PROVIDED DATA:
——

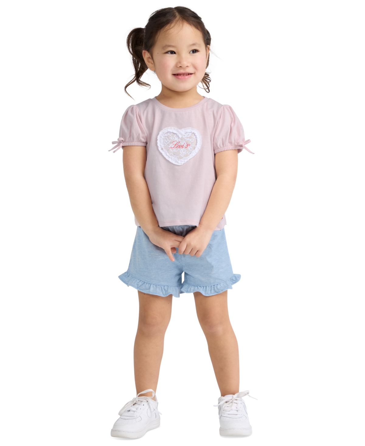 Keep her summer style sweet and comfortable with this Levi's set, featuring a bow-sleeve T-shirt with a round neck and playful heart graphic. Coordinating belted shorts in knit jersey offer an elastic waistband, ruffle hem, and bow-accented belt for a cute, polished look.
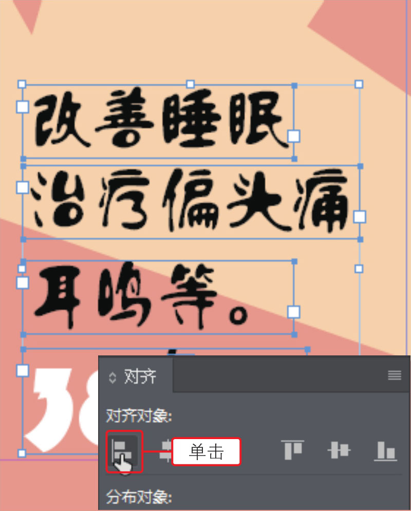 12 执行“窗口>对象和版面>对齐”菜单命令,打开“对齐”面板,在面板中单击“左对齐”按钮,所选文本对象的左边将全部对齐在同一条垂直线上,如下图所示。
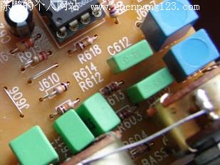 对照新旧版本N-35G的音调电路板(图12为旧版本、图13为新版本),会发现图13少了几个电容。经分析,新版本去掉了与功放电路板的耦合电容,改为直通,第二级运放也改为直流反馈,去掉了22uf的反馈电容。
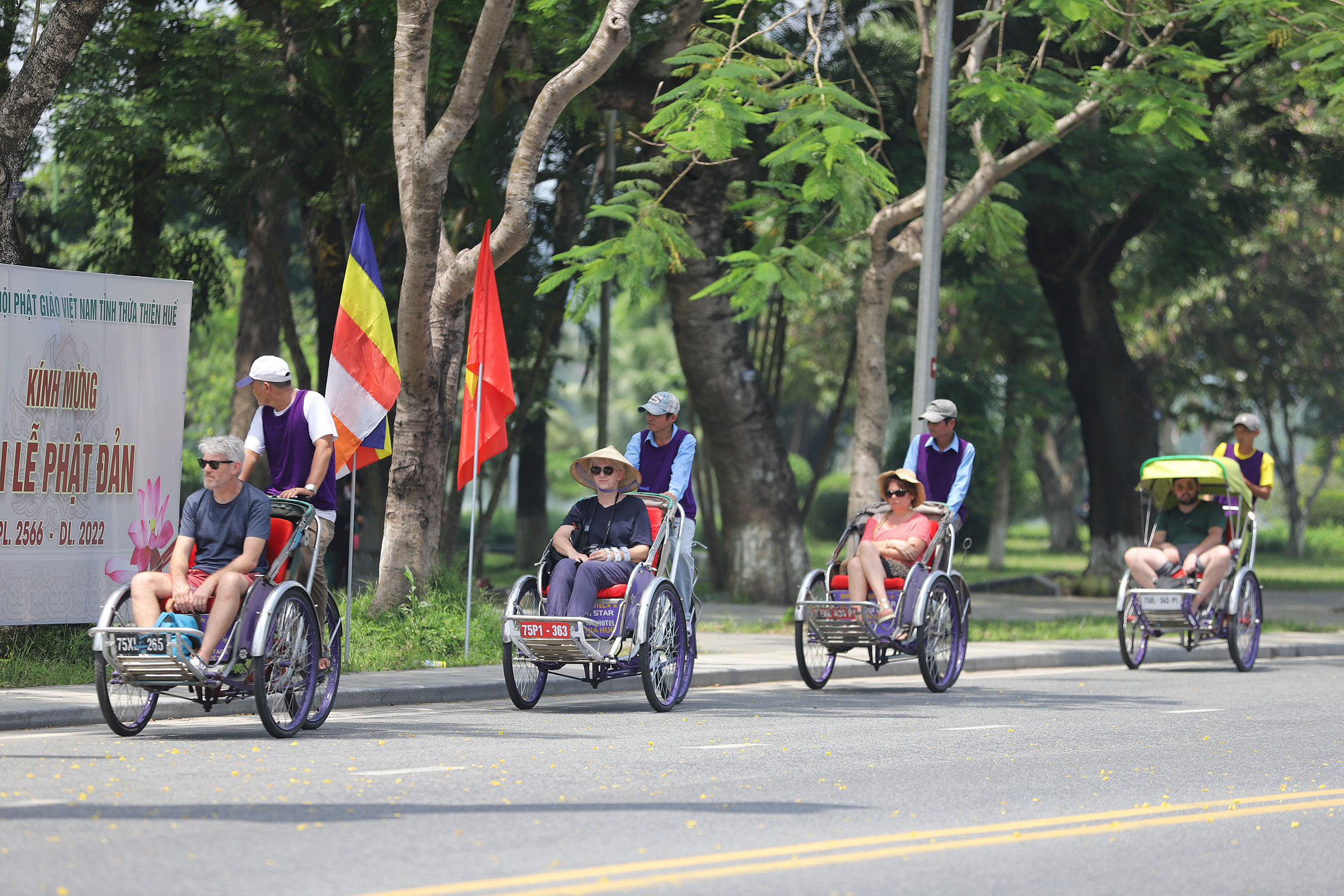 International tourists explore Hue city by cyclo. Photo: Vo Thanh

——

WHAT TO PRODUCE:
Transcribe the lines above exactly, setting aside any picture among them.

COMPLETED EXERCISE:
 Keep her summer style sweet and comfortable with this Levi's set, featuring a bow-sleeve T-shirt with a round neck and playful heart graphic. Coordinating belted shorts in knit jersey offer an elastic waistband, ruffle hem, and bow-accented belt for a cute, polished look.
 12 执行“窗口>对象和版面>对齐”菜单命令,打开“对齐”面板,在面板中单击“左对齐”按钮,所选文本对象的左边将全部对齐在同一条垂直线上,如下图所示。
 对照新旧版本N-35G的音调电路板(图12为旧版本、图13为新版本),会发现图13少了几个电容。经分析,新版本去掉了与功放电路板的耦合电容,改为直通,第二级运放也改为直流反馈,去掉了22uf的反馈电容。
 International tourists explore Hue city by cyclo. Photo: Vo Thanh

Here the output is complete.